Assignment. Go through the entries below and print each one exactly, leaving out pictures.

+ + +

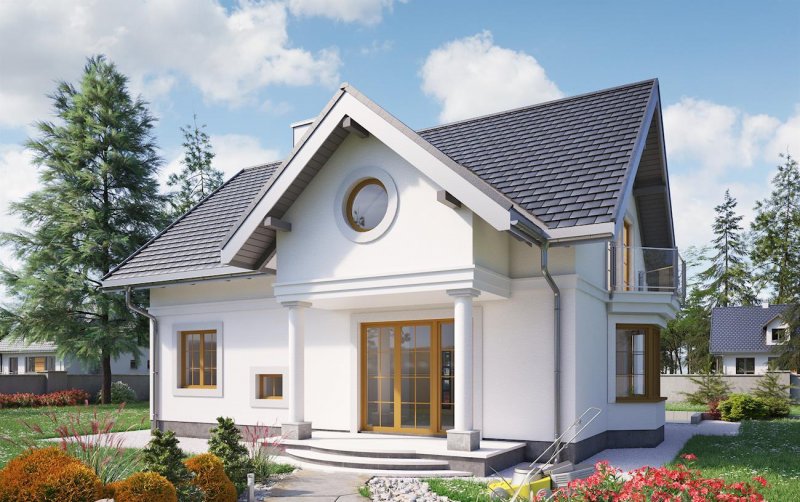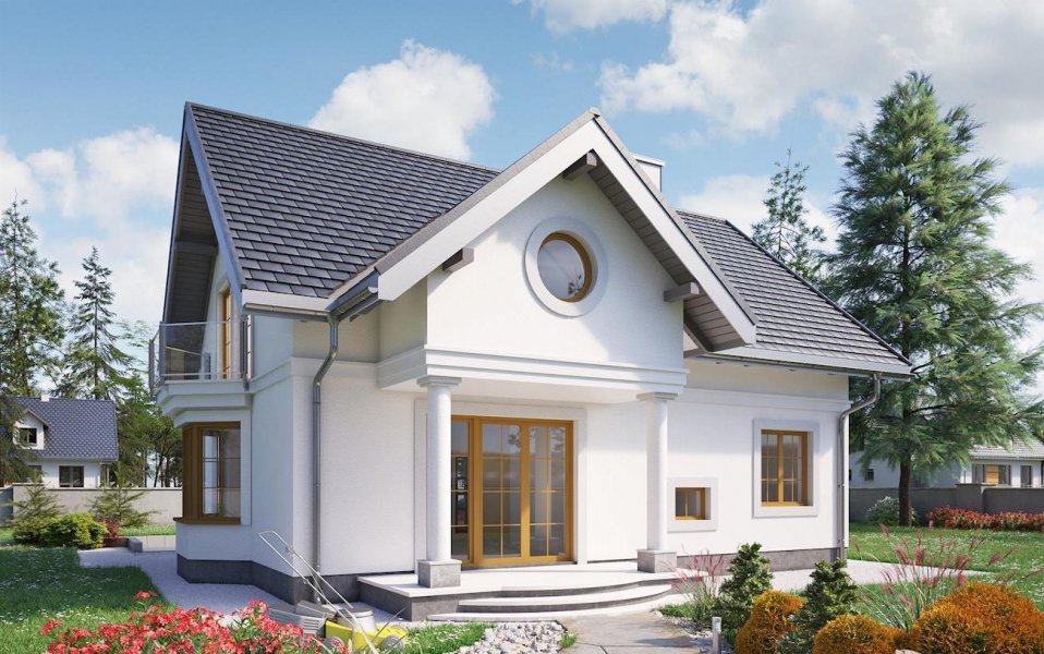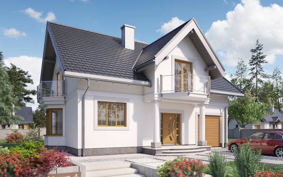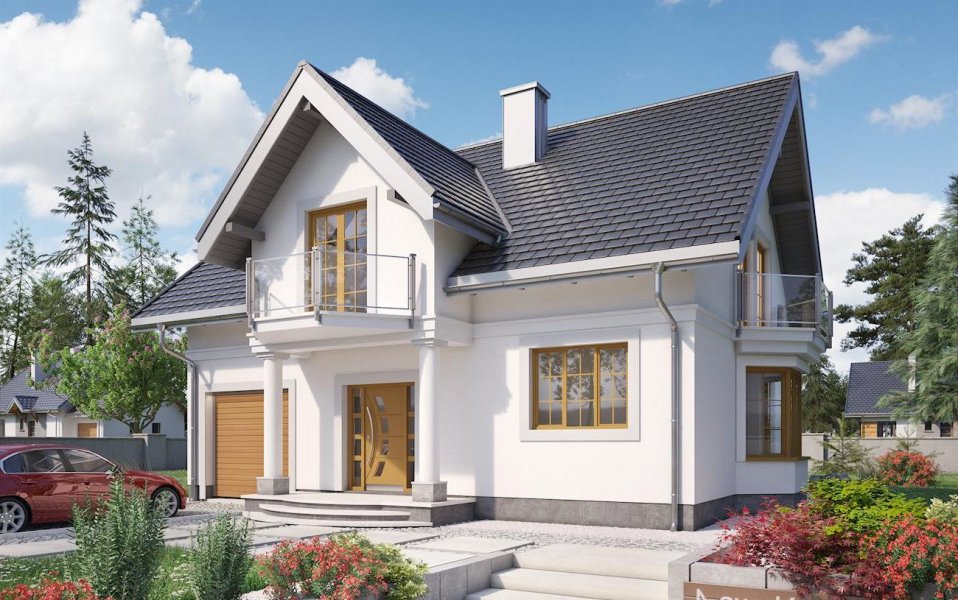 Wszystkie średniej wielkości projekty domów z użytkowym poddaszem z Rodziny Dymszy, charakteryzuje zwarta bryła i jeden, ekonomiczny dach dla części mieszkalnej i garażowej. Energooszczędny prostopadłościan urozmaica efektowna lukarna od frontu, wsparta na słupach oraz balkony, z których jeden wieńczy dekoracyjny ryzalit w ścianie bocznej. Projekty różni wielkość pomieszczeń, kształt dachu i wariantowanie fragmentów planu. W najmniejszym projekcie domu Dymsza Rex, tak jak we wszystkich wersjach, parter podzielono konstrukcyjnie i funkcjonalnie na mieszkalną strefę dzienną oraz na część gospodarczą. Otwarta kuchnia łączy się z salonem przez jadalnię umieszczoną w ryzalicie. Przestrzeń pod schodami wykorzystana została na powiększenie kotłowni za garażem. Projekt domu Dymsza Rex ma dwuspadowy dach. Wszystkie cztery pokoje poddasza mają zbliżoną wielkość i wyjścia na balkon, a przedpokój - foremny kształt. Główna sypialnia wyróżniona została (jak w większych wersjach: Karo z czterospadowym dachem i Polo) garderobą. Ulokowano ją w lukarnie wspartej na słupach i osłaniającej wyjście z salonu na taras ogrodowy.
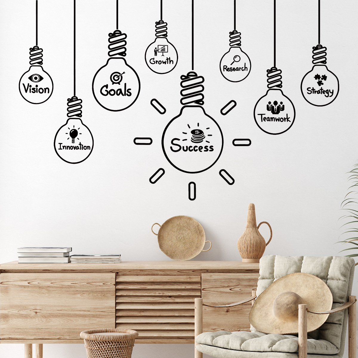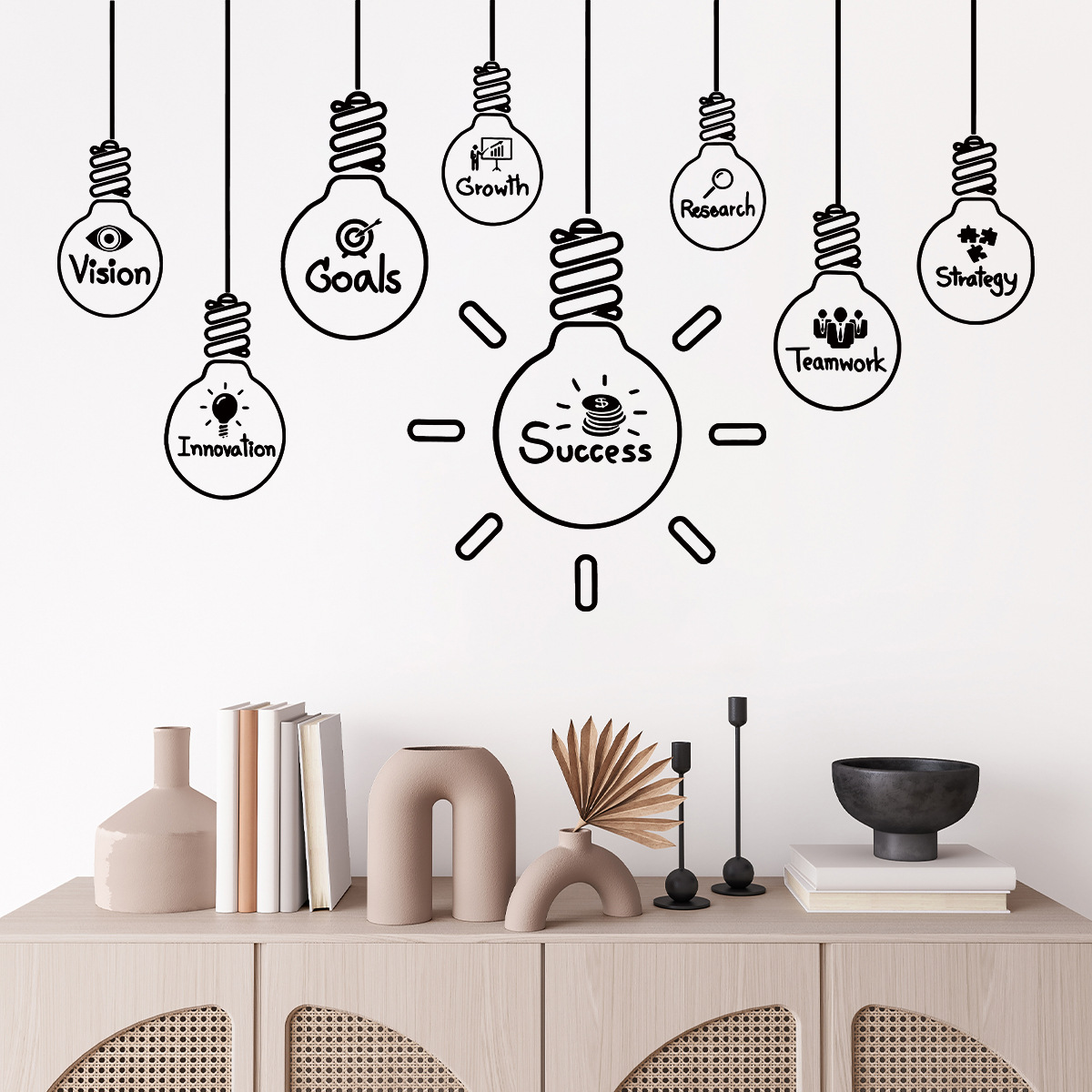 BR93736 만화 창조적 인 영감 전구 자체 접착 벽 스티커 거실 침실 방 배경 벽 장식 스티커스토어 가기
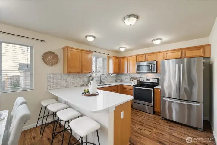 Welcome to this charming 3 bed, 2.5 bath home. Inside you'll enjoy a large perfect for relaxation living room with vaulted ceilings and cozy fireplace, beautiful open kitchen complemented by quartz countertops & stainless steel appliances, dining room with slider to a covered deck that is perfect for entertaining year round, primary bedroom with private ensuite, mini split system ensures comfort year-round. Outside meticulously maintained fully fenced yard with garden beds, fire pit area, shed, attached 2-car garage, ample parking and there is no HOA. Close proximity to freeways, stores complete this must-see gem!
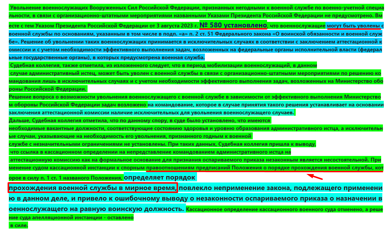 Суть спора. Военнослужащий оспаривал приказ о назначении на равную воинскую должность. Так как, заключением военно-летной комиссии признан негодным к летной работе, годным к военной службе с незначительными ограничениями. Отказался от предложенных высших, низших должностей. Подал рапорт об увольнении в связи с организационно-штатными мероприятиями. Но, назначен на равную воинскую должность инженера.
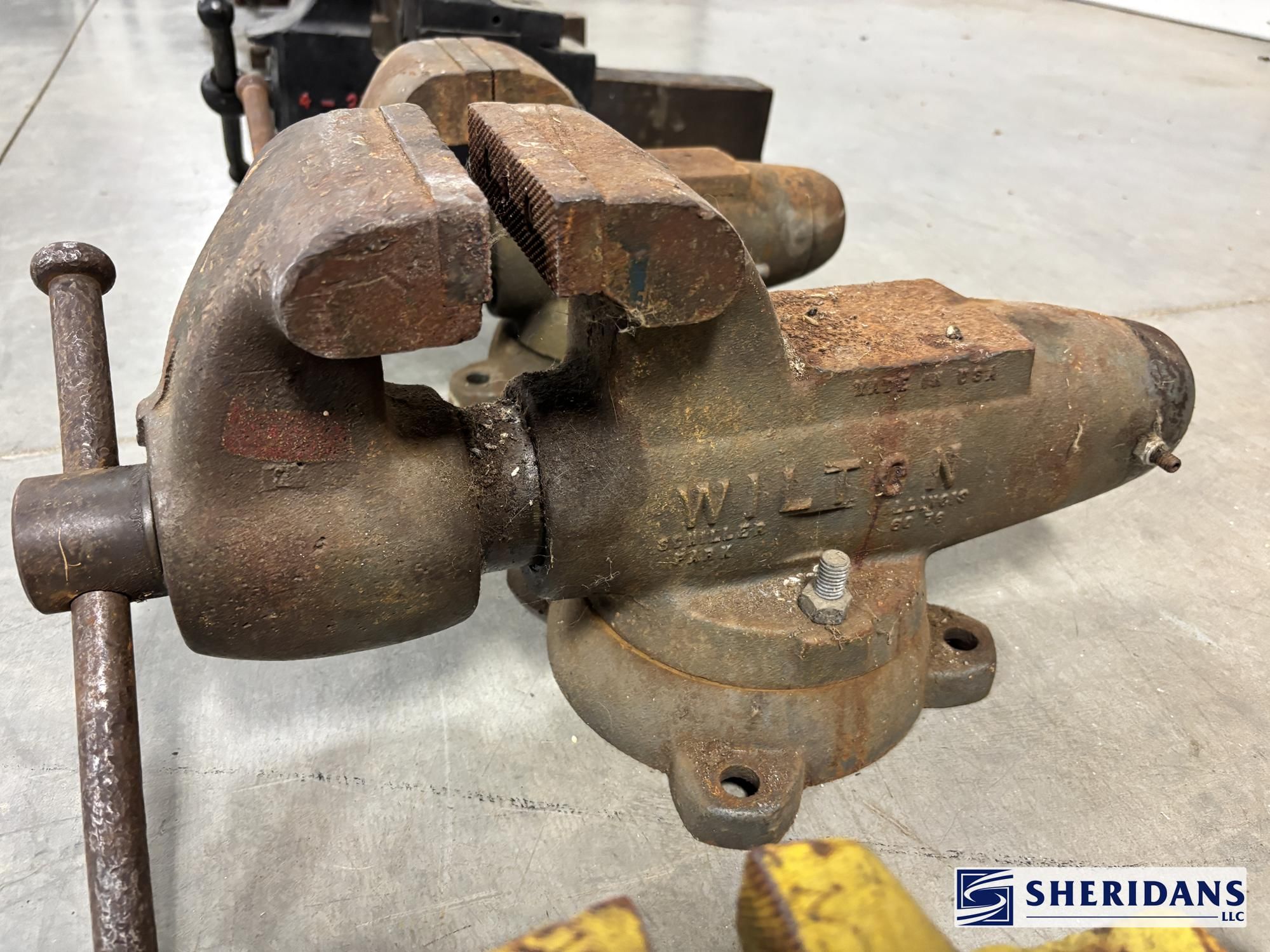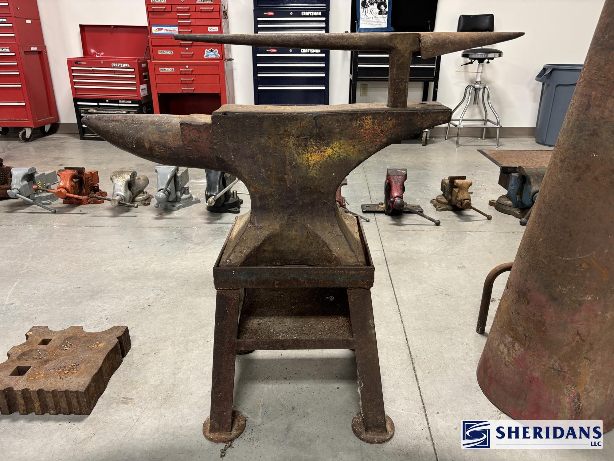 Blacksmithing: 230lb anvil w/stand; 165lb anvil w/ stand; 51” cone anvil; swage block; (20+) bench vises; (7) leg vises; miniature 11” leg vise; miniature vises; hardy tools; tongs; hammers; staking tools; (2) forges w/blower & books.

+ + +

Task solution.
 Wszystkie średniej wielkości projekty domów z użytkowym poddaszem z Rodziny Dymszy, charakteryzuje zwarta bryła i jeden, ekonomiczny dach dla części mieszkalnej i garażowej. Energooszczędny prostopadłościan urozmaica efektowna lukarna od frontu, wsparta na słupach oraz balkony, z których jeden wieńczy dekoracyjny ryzalit w ścianie bocznej. Projekty różni wielkość pomieszczeń, kształt dachu i wariantowanie fragmentów planu. W najmniejszym projekcie domu Dymsza Rex, tak jak we wszystkich wersjach, parter podzielono konstrukcyjnie i funkcjonalnie na mieszkalną strefę dzienną oraz na część gospodarczą. Otwarta kuchnia łączy się z salonem przez jadalnię umieszczoną w ryzalicie. Przestrzeń pod schodami wykorzystana została na powiększenie kotłowni za garażem. Projekt domu Dymsza Rex ma dwuspadowy dach. Wszystkie cztery pokoje poddasza mają zbliżoną wielkość i wyjścia na balkon, a przedpokój - foremny kształt. Główna sypialnia wyróżniona została (jak w większych wersjach: Karo z czterospadowym dachem i Polo) garderobą. Ulokowano ją w lukarnie wspartej na słupach i osłaniającej wyjście z salonu na taras ogrodowy.
 BR93736 만화 창조적 인 영감 전구 자체 접착 벽 스티커 거실 침실 방 배경 벽 장식 스티커스토어 가기
 Welcome to this charming 3 bed, 2.5 bath home. Inside you'll enjoy a large perfect for relaxation living room with vaulted ceilings and cozy fireplace, beautiful open kitchen complemented by quartz countertops & stainless steel appliances, dining room with slider to a covered deck that is perfect for entertaining year round, primary bedroom with private ensuite, mini split system ensures comfort year-round. Outside meticulously maintained fully fenced yard with garden beds, fire pit area, shed, attached 2-car garage, ample parking and there is no HOA. Close proximity to freeways, stores complete this must-see gem!
 Суть спора. Военнослужащий оспаривал приказ о назначении на равную воинскую должность. Так как, заключением военно-летной комиссии признан негодным к летной работе, годным к военной службе с незначительными ограничениями. Отказался от предложенных высших, низших должностей. Подал рапорт об увольнении в связи с организационно-штатными мероприятиями. Но, назначен на равную воинскую должность инженера.
 Blacksmithing: 230lb anvil w/stand; 165lb anvil w/ stand; 51” cone anvil; swage block; (20+) bench vises; (7) leg vises; miniature 11” leg vise; miniature vises; hardy tools; tongs; hammers; staking tools; (2) forges w/blower & books.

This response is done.